- What you need to do: Give again, word for word, the lines below that run from the line with "Angrenzend befindet sich" through the line with "- PREMIUM BENEFITS". Drop the pictures.

-- Records for the exercise follows --

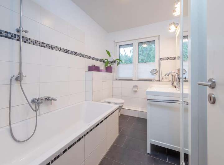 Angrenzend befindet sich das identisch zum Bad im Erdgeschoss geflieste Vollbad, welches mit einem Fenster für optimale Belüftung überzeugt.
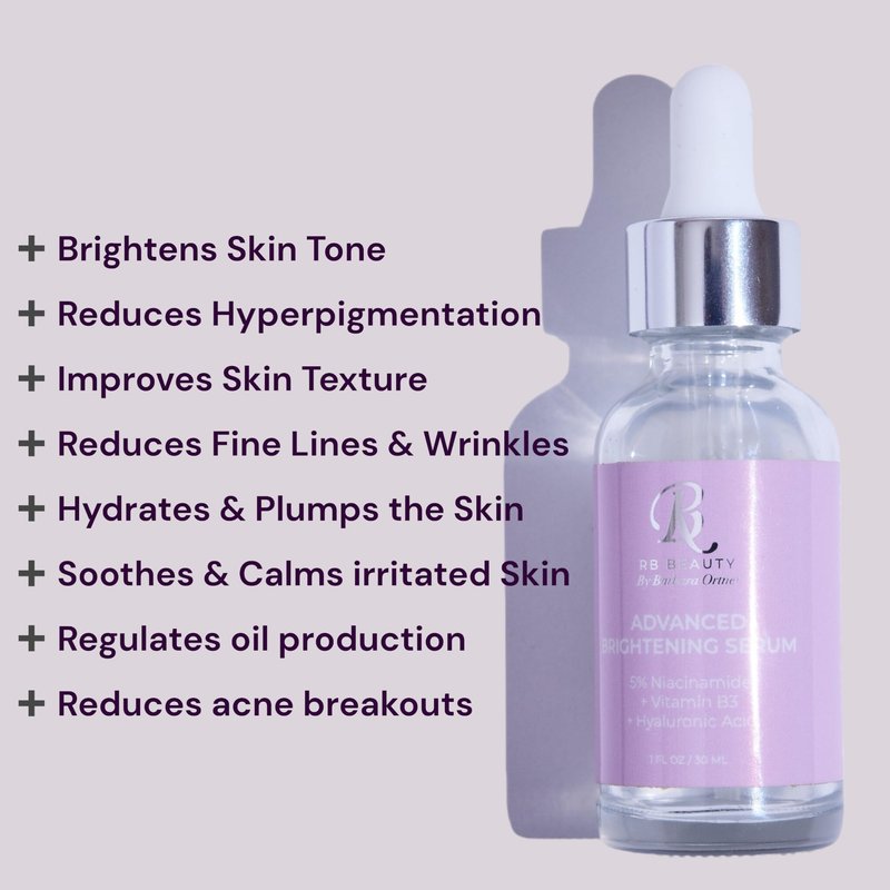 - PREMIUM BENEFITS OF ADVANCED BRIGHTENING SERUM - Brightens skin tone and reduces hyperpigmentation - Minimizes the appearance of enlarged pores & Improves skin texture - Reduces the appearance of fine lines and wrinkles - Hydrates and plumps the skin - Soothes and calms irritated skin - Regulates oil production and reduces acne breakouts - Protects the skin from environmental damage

-- Records for the exercise concluded --
-- Records for the exercise follows --

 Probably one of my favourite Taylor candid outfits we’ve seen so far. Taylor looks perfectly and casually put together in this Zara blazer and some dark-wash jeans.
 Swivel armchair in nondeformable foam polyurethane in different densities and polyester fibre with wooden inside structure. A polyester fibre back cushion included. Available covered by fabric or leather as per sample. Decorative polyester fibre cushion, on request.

-- Records for the exercise concluded --
-- Records for the exercise follows --

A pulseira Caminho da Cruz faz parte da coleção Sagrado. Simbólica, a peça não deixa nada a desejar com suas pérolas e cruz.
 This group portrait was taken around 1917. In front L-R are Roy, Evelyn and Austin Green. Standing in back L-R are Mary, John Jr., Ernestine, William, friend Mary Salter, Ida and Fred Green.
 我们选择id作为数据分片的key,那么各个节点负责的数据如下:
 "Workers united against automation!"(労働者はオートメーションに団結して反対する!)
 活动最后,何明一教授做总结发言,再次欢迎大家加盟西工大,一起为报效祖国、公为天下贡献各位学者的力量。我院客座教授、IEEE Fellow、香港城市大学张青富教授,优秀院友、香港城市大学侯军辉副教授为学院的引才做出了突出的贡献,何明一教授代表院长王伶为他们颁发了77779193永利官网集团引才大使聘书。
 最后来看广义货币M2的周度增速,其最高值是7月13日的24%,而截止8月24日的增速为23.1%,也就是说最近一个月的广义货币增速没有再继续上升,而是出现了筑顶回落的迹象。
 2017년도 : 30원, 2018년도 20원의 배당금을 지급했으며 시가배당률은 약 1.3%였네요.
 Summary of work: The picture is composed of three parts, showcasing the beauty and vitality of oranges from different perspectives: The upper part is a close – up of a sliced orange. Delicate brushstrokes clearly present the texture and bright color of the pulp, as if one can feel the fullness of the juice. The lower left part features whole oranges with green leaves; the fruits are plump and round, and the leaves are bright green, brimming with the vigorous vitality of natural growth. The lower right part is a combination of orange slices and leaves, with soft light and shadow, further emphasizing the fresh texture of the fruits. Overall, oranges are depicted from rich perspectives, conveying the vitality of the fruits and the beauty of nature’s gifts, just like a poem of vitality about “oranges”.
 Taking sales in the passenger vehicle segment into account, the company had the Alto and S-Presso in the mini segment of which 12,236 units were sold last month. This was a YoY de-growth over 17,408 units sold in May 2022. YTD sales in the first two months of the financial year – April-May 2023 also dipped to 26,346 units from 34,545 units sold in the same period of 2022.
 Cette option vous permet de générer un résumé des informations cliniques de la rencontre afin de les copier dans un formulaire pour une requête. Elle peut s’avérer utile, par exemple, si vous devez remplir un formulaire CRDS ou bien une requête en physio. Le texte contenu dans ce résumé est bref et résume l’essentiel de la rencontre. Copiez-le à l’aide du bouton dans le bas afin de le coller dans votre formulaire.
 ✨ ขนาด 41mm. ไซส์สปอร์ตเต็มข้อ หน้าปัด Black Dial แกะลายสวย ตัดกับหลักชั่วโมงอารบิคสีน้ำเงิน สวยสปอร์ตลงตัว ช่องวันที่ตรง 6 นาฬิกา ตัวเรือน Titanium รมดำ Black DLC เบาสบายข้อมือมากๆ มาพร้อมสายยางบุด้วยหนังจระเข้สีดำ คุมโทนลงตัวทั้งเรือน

-- Records for the exercise concluded --

- Exercise answer:
 Angrenzend befindet sich das identisch zum Bad im Erdgeschoss geflieste Vollbad, welches mit einem Fenster für optimale Belüftung überzeugt.
 - PREMIUM BENEFITS OF ADVANCED BRIGHTENING SERUM - Brightens skin tone and reduces hyperpigmentation - Minimizes the appearance of enlarged pores & Improves skin texture - Reduces the appearance of fine lines and wrinkles - Hydrates and plumps the skin - Soothes and calms irritated skin - Regulates oil production and reduces acne breakouts - Protects the skin from environmental damage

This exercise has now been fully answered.